In its February 23, 2009 opinion section the Clarion-Ledger refers to a pending U.S. Supreme Court case out of West Virginia that involves whether an elected judge must recuse himself/ herself from cases involving one of the judge’s political contributors. Here is the editorial.

The case is straight out of John Grisham’s The Appeal. A defendant lost a $50 million verdict, appealed and contributed $3 million to a supreme court candidate while the appeal was pending. The candidate won, refused to recuse himself from the contributor’s case and voted to overturn the verdict. The Ledger states:

Mississippi’s current quagmire of judicial corruption cases – interposed against a decade of tort reform battles that have pitted big spending trial lawyers against bigger spending business and medical interests in judicial elections – will focus much attention on the high court decision in the West Virginia case.

Regardless if the contributions come from attorneys arguing cases before the judge or from business/medical interests whose assets are at risk in cases, concerns about impartial judges are real.

The Ledger lays all this out and then does not take a position on what should be done.

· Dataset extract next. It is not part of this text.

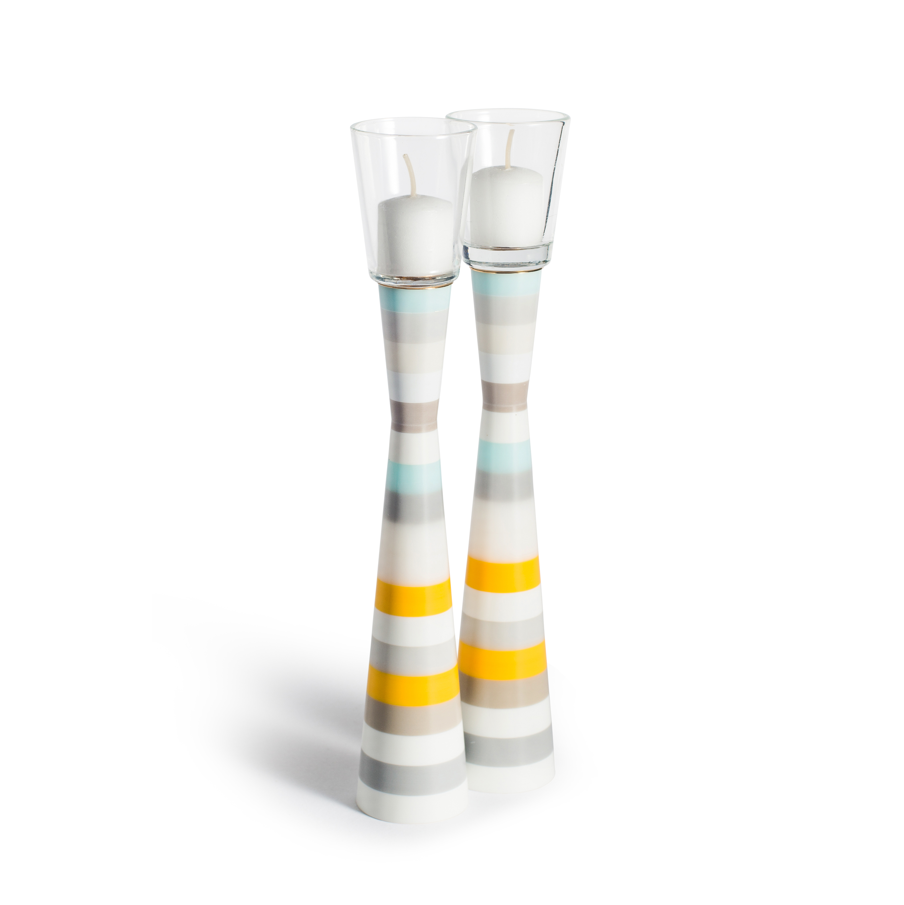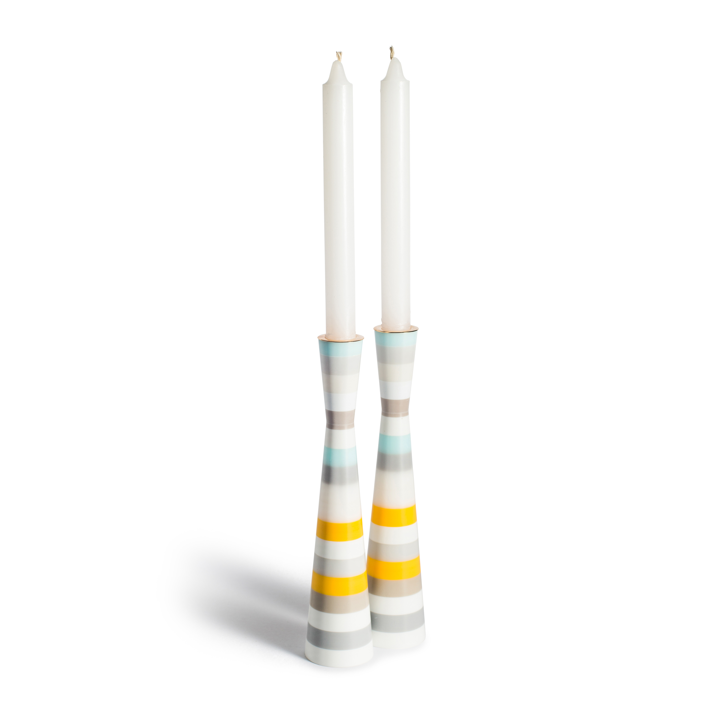 <p dir="rtl"><span>PAMOT</span> – פמוט זוגי – צהוב, תכלת ולבן פסים<br><br>מיוצר מקוריאן ומפליז מצופה זהב 24 קראט<br> </p><p dir="rtl">נעשה אחרי תהליך ייחודי שבו לקחנו פחת של קוריאן ומחזרנו אותו</p><p dir="rtl">> צבע: צהוב, תכלת ולבן פסים<br>> 100% מוצר ירוק<br>> תעודה: מוצר ירוק, סדרת קפסולה<br>> מידות: גובה 21.5 סנטימטר, משקל 560 גרם לערך</p><p dir="rtl">> המוצרים שלנו מגיעים ארוזים ומוגנים<br><br>> עבודת יד מחומר בשם קוריאן אשר פותח לפני 50 שנה כמשטח עבור סביבות עבודה קשות, משווק בעולם מאז שנת 1971 ומיובא לישראל מזה כ – 40 שנה. השימוש העיקרי ב<span> CORIAN : </span>משטחים, כיורים וחיפויי קיר לשימוש מטבח, אמבט ושימושים ביתיים ומוסדיים רבים נוספים<span>.</span></p><p dir="rtl"> </p>

It will be a crying shame if the Supreme Court does not find a constitutional violation when judges decide cases involving large campaign contributors. In federal court non-elected judges recuse themselves from cases involving companies whose stock the judge owns. Similar rules should apply to state court cases when there is any concern of impartiality, such as large campaign contributions.

I would like to see two things in Mississippi to return the public faith in the judiciary and legal system:

  1. an appointed judiciary system; and
  2. rules prohibiting the hiring or association of an attorney on a case because of a perceived personal relationship between the attorney and the judge.

The first proposal would have to involve the legislature. But the second proposal could be imposed by the Mississippi Supreme Court by adding a rule to the Mississippi Rules of Professional Conduct.